Birds   

Renn Ireigh                                                                                                       

"City: millions of people being lonely together."     -Thoreau

I met Lisa browsing through the pashminas at an unnamed shop in the middle of Chinatown.  She was looking for something pastel, I was looking for a particular jewel-tone shade of jade.  We met in the manner that I usually meet people: by tripping over the edge of my shoelace (sometimes it's my shadow) and stumbling into her.

I was sorry, of course, and social courtesy dictated that she should say that it was all right, things like that happen, which she did, but she said it in a way that somehow sounded like she meant it.  This was probably because my hand, outflung to keep myself from falling flat on my face, knocked down the row of pashminas that she'd been looking at, but was too short to reach.  She plucked the lavender one with the silky flower embroidery off of the pile as I was gathering the plasticed packages up and shoving them back onto the shelf.
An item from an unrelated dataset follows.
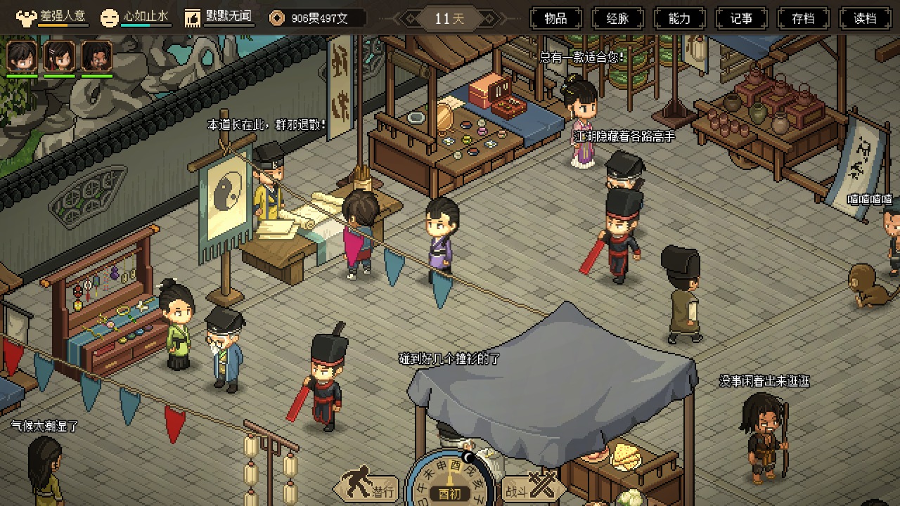 一个像素风格的武侠角色扮演手游,游戏以南宋初年为背景,同样是没有固定主线的开放世界设定,游戏有70多万字的庞大剧情文本,设计了上百种武功供玩家学习,而且引入了道德值这个设定,玩家角色所做的每一个选择都有可能改变自己的道德值,之后会决定玩家角色的正邪,进而影响玩家能招募到的武侠伙伴和最终结局。
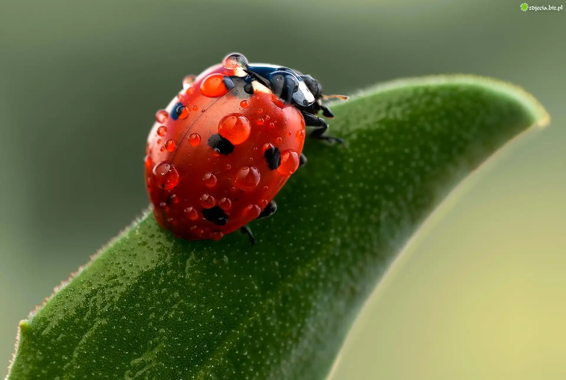 Zdjęcie Biedronka, Liść, Kropelki, Wody

"Thanks," she smiled, looking up at me through her short brown pageboy cut.  "I was looking for that."

I found the jade pashmina amongst those that I had knocked off and somehow arranged the remainder of the abused shawls on the shelf in such a manner that they didn't fall off within the five minutes that it took for me to get through the small-scale mob surrounding the cash register, pay for the pashmina that I wouldn't use until December, and walk out into Chinatown still fumbling in my purse for my sunglasses. 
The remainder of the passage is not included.